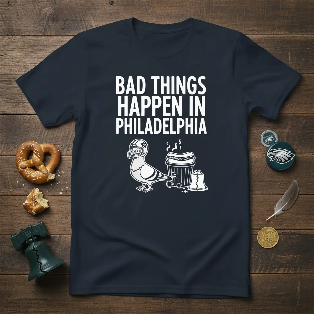 Bad Things Happen In Philadelphia—this iconic phrase is emblazoned on this t-shirt, capturing a sentiment familiar to many who love this vibrant city. It’s more than just a slogan; it’s a nod to the unique spirit and resilience that defines Philadelphia, often celebrated with a touch of humor. This design is crafted for those who appreciate the city’s character and aren’t afraid to embrace its quirks. It’s a perfect way to show your connection to Philly, whether you’re a lifelong resident or a devoted fan from afar.
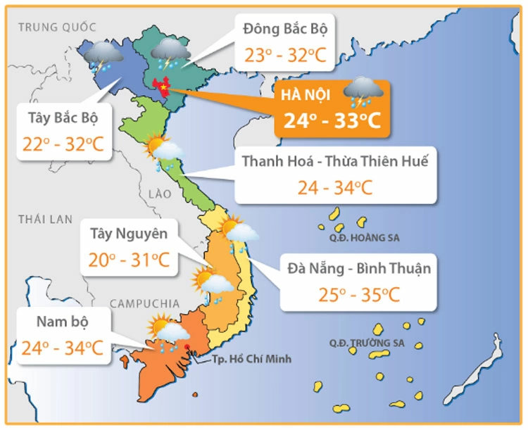 Bức tranh thời tiết từ Bắc vào Nam những ngày tới cho thấy sự phân hóa rõ rệt, nhưng điểm chung vẫn là mưa rào và độ ẩm cao.
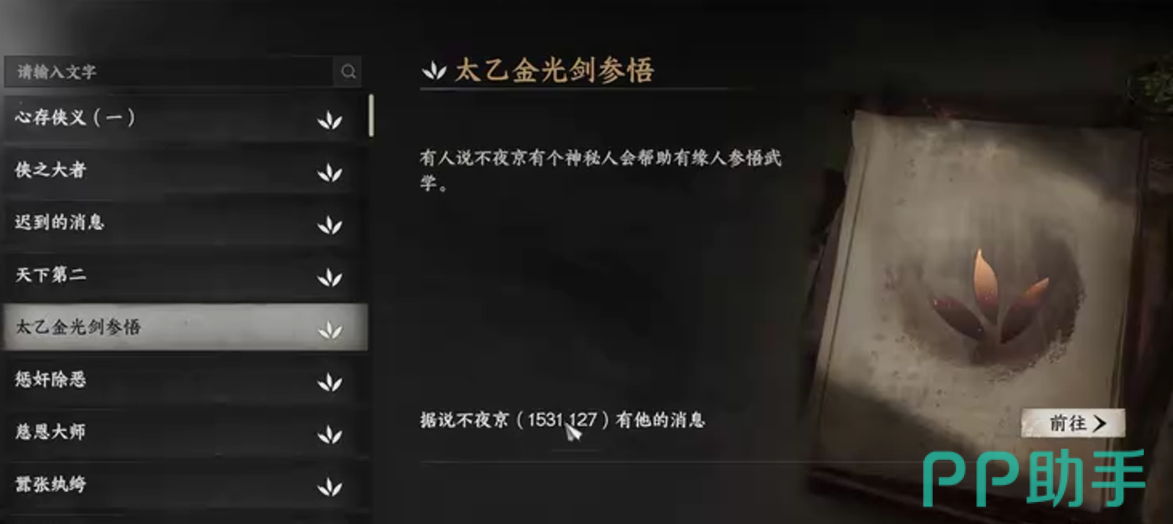 首先太乙金光剑参悟是属于江湖奇遇中的其中一个任务,这个任务是可以随机触发的,不过小伙伴们可以直接到江湖奇遇中查找到太乙金光剑参悟会有具体位置,具体位置在不夜京(1531,127),在齐国的(1530,127)这个地方玩家们可以遇到一个神秘高手,当和神秘高手对话之后就可以触发太乙金分光剑的任务,这个时候玩家们可以在武学中找到武学参悟,接着在地阶武学中找到太乙分光剑,此时发现太乙分光剑中有4个剑诀需要玩家完成。将4个剑诀全部拥有之后,玩家们会直接解锁新的招式-太乙分光剑,其中断无断和忘情回首都属于都属于独孤剑诀,还需要的就是人剑合一和潇湘剑雨,潇湘剑雨属于斜风细雨剑,并且需要玩家们达到化境期,只有将这4个剑诀全部解锁才会拥有太乙分光剑。
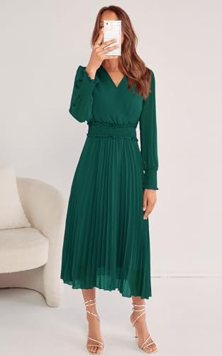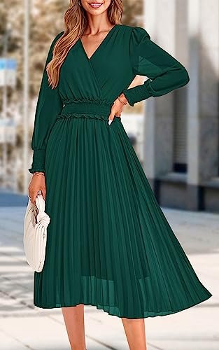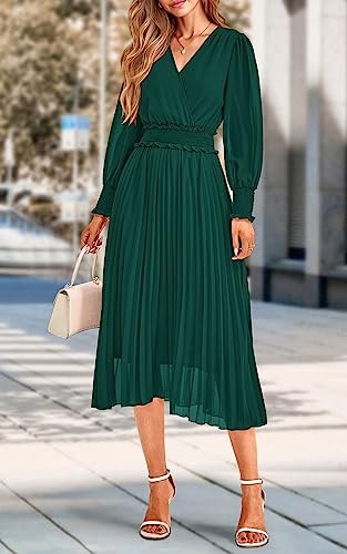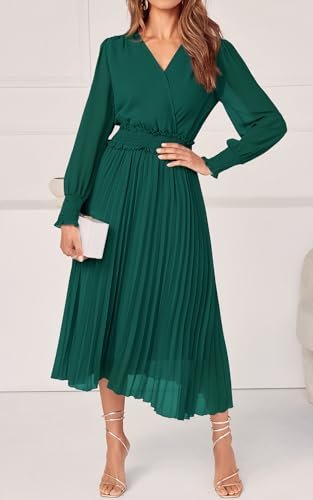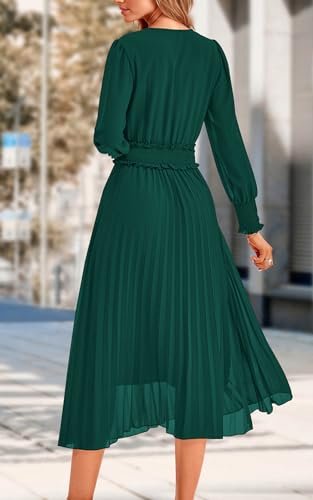 PRETTYGARDEN Womens Wrap V Neck Dresses for Wedding Guest Casual Pleated Long Sleeve Midi Dress Ruffle Smocked Long Dress (Dark Green,Large)
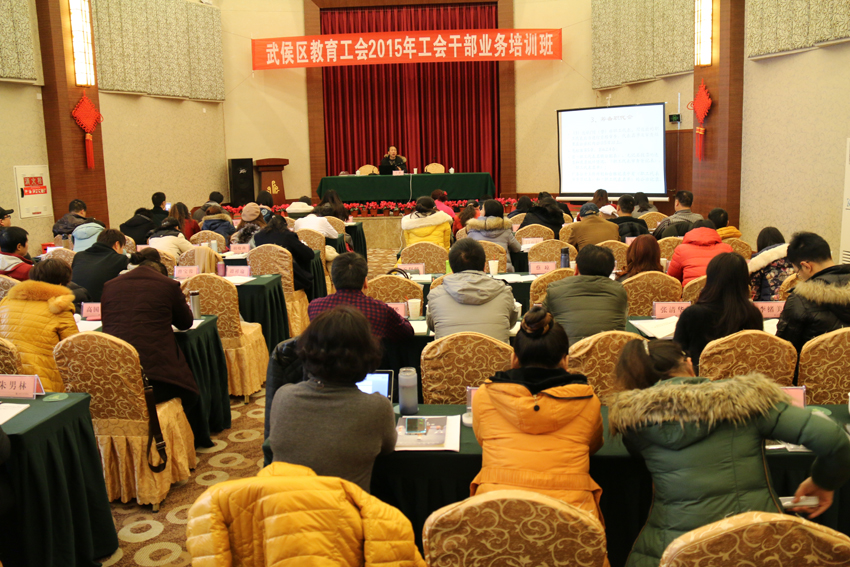 12月23日,由武侯区教育工会主办、我校承办的2015年武侯教育工会干部业务培训班在邛崃顺利开班。本次培训为期三天,共73名武侯区教育系统工会干部参与了培训。培训内容涉及到中国特色社会主义工会理论、传统文化国学与人文素质的提升、厂务公开民主管理标准化解读、新时期工会工作等,并组织在机投中学开展校务公开民主管理现场会,取得了较大的反响。培训结束后,我校为参加培训的工会工作者颁发了工会干部岗位培训合格证。

================================

• _WHAT THE EXERCISE ASKS_
Print once more, exactly, the lines from the one with "PRETTYGARDEN Womens Wrap" through the last line of the data, both ends included, without any pictures.

• _RESULT FOR THIS EXERCISE_
 PRETTYGARDEN Womens Wrap V Neck Dresses for Wedding Guest Casual Pleated Long Sleeve Midi Dress Ruffle Smocked Long Dress (Dark Green,Large)
 12月23日,由武侯区教育工会主办、我校承办的2015年武侯教育工会干部业务培训班在邛崃顺利开班。本次培训为期三天,共73名武侯区教育系统工会干部参与了培训。培训内容涉及到中国特色社会主义工会理论、传统文化国学与人文素质的提升、厂务公开民主管理标准化解读、新时期工会工作等,并组织在机投中学开展校务公开民主管理现场会,取得了较大的反响。培训结束后,我校为参加培训的工会工作者颁发了工会干部岗位培训合格证。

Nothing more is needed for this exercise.